Microvascular Disruption and Regeneration During Skeletal Muscle Repair
Jacobsen NL, Norton CE, Shaw RL, Cornelison DDW, Segal SS. Myofibre injury induces capillary disruption and regeneration of disorganized microvascular networks. J Physiol 2022;600(1):41-60. doi: 10.1113/JP282292.
Background: Skeletal muscle regeneration depends not only on the restoration of myofibres but also on the recovery of an intact microvascular network. While myofibre regeneration is well characterized, the processes by which capillaries and other microvessels are disrupted and reformed after injury remain poorly understood. The study investigated how microvascular structure and function change following skeletal muscle injury induced by barium chloride (BaCl2).
Hypothesis: This study hypothesized that BaCl2-induced skeletal muscle injury leads to microvascular disruption as a secondary effect of myofibre degeneration rather than direct cytotoxicity to endothelial or smooth muscle cells, and that regenerating capillary networks initially form in a disorganized manner before remodeling as myofibres mature.
Methods: The authors examined microvascular injury and regeneration in the gluteus maximus muscle of mice after BaCl2 injection. Ex vivo assays using isolated microvessels and endothelial tubes assessed membrane potential, calcium dynamics and cell viability. Confocal microscopy and three-dimensional reconstructions of resistance networks were performed using Vesselucida and Vesselucida Explorer to quantify vessel number, diameter and anastomoses.

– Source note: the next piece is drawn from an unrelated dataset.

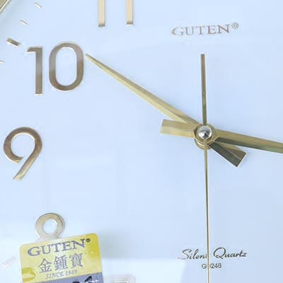 Golden Treasure round clock Office living room European modern simple bedroom Golden border Gold 12 inch silent wall clock
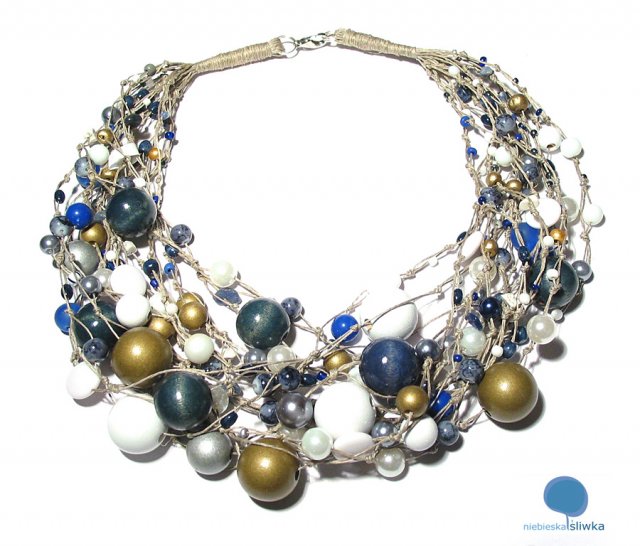 Piękny połyskujący oszronionym srebrem naszyjnik lniany wykonany na naturalnej przędzy z elementów drewnianych (max. średnica 2 cm), szklanych, crackle,, szklanych perełek, sodalitu i howlitu. Długość naszyjnika mierzona wewnątrz po zapięciu ok. 48 cm, zapięcie posrebrzane.

Results: BaCl2 depolarized microvascular smooth muscle and endothelial cells and increased smooth muscle calcium but did not cause their death. In vivo, capillaries fragmented within one day post-injury, whereas arterioles and venules remained intact. Capillary networks regenerated by five days post-injury but were dilated, misaligned with myofibres and associated with increased terminal arterioles. By twenty-one days, capillary orientation and microvascular unit organization were restored to normal.
Conclusions: The findings demonstrate that capillary loss follows myofibre degeneration and that regenerating microvessels initially form disorganized, hyperdilated networks that progressively remodel into functional microvascular units as skeletal muscle regenerates.